Before you threaten to bury me in the Vegas desert, consider the scope of what Scorsese has achieved here: working far outside “the neighborhood” (or, as the mobsters refer to it here, “back home”), Scorsese has shaped a real life tragedy that is every bit William Shakespeare as it is Nicholas Pileggi.
Consider how Rothstein, with his grand plans and reaches for power, family and respectability, is a King Lear to Ginger’s obviously unraveling Lady Macbeth. Picture how Pesci, despite what critics said in 1995, is not repeating himself but actually portraying an uncontrollable monster even scarier than his unhinged Oscar winning turn as Tommy DeVito.

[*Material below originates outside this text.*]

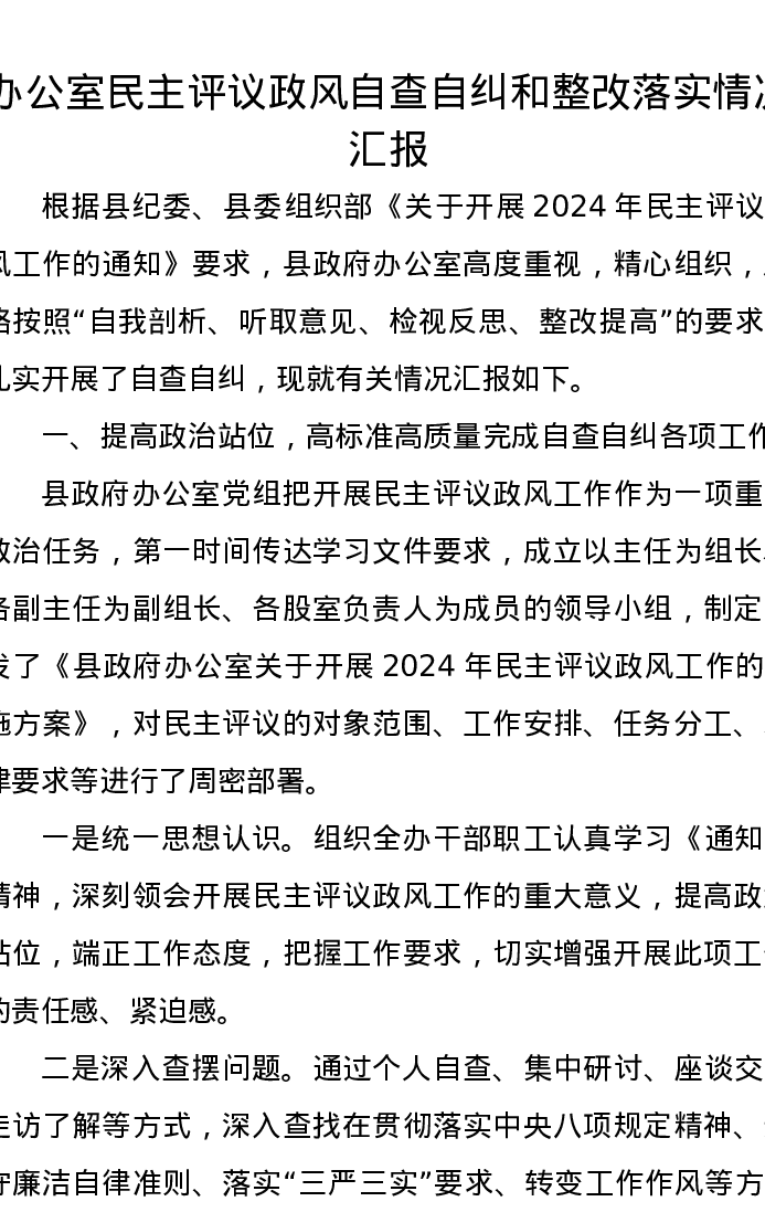 办公室民主评议政风自查自纠和整改落实情况汇报

“Goodfellas” portrays the passing of time on a cluster of family-oriented criminals, whereas “Casino” is about this as well but also how the climate, and not just the moral malaise, catches up to men and women who think they will never have to pay for their sins.
This being Scorsese, the use of the Biblical term isn’t out of the question, as this, as much as “Goodfellas,” “Mean Streets,” “The Departed,” “Who’s That Knocking at My Door” and several Scorsese works not in the crime genre, are exploration of the wages of sin.
The characters of “Casino” and other Scorsese films portraying criminal behavior may be shocking but make no mistake, they exist in a moral universe and pay for their excesses.
“Casino” was a bit much for audiences in 1995 and is still an overwhelming experience (watching Rothstein save his daughter yet again from her out of control mother is as grueling as seeing a rival gangster have his head in a vice).
Scorsese doesn’t flinch from any of this, as Pileggi changes the names but basically re-tells this dark piece of history how it actually happened. Its power is showing us that no one is above falling from a great height, as anyone willing to bet their soul in pursuit of moral compromise will eventually lose everything they have.